> RECORD EXTRACTS
——
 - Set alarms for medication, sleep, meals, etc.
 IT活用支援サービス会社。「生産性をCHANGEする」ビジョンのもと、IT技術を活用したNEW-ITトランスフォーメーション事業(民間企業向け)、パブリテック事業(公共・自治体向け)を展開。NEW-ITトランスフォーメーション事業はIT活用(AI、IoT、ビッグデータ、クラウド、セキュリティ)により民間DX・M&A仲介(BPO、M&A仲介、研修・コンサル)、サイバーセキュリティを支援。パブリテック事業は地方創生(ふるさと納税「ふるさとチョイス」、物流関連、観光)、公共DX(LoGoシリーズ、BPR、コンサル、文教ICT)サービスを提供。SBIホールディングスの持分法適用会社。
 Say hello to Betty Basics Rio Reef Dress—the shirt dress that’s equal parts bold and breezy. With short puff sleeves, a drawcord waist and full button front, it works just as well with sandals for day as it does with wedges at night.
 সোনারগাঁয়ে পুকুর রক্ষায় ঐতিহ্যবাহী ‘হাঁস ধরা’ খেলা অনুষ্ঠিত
——
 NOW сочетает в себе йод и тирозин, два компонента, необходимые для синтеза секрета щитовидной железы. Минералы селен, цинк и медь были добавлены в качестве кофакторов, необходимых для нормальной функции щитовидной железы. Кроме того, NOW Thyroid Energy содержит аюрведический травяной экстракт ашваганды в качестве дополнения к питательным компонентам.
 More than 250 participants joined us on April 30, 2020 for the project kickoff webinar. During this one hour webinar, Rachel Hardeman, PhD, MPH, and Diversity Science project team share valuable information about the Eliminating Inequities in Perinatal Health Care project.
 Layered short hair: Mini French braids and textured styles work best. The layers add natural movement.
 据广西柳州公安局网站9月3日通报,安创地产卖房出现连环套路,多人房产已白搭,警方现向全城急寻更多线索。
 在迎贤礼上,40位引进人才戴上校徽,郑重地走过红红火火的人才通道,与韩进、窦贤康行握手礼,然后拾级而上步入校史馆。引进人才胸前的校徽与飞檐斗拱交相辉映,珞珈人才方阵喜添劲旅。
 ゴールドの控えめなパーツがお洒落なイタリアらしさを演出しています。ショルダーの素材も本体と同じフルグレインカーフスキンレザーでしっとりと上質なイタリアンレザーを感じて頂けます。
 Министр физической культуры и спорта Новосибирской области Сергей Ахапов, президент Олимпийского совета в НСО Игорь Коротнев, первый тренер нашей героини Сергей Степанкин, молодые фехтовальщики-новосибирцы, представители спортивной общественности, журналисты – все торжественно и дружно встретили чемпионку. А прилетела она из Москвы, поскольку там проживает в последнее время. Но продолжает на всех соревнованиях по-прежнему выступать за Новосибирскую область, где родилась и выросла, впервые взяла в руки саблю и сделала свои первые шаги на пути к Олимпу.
——
> EXERCISE DIRECTIONS
Give back, exactly as written, the stretch from the line with "- Set alarms" through the line with "Say hello to", and no other lines from the records above.

> SOLVED PROBLEM
 - Set alarms for medication, sleep, meals, etc.
 IT活用支援サービス会社。「生産性をCHANGEする」ビジョンのもと、IT技術を活用したNEW-ITトランスフォーメーション事業(民間企業向け)、パブリテック事業(公共・自治体向け)を展開。NEW-ITトランスフォーメーション事業はIT活用(AI、IoT、ビッグデータ、クラウド、セキュリティ)により民間DX・M&A仲介(BPO、M&A仲介、研修・コンサル)、サイバーセキュリティを支援。パブリテック事業は地方創生(ふるさと納税「ふるさとチョイス」、物流関連、観光)、公共DX(LoGoシリーズ、BPR、コンサル、文教ICT)サービスを提供。SBIホールディングスの持分法適用会社。
 Say hello to Betty Basics Rio Reef Dress—the shirt dress that’s equal parts bold and breezy. With short puff sleeves, a drawcord waist and full button front, it works just as well with sandals for day as it does with wedges at night.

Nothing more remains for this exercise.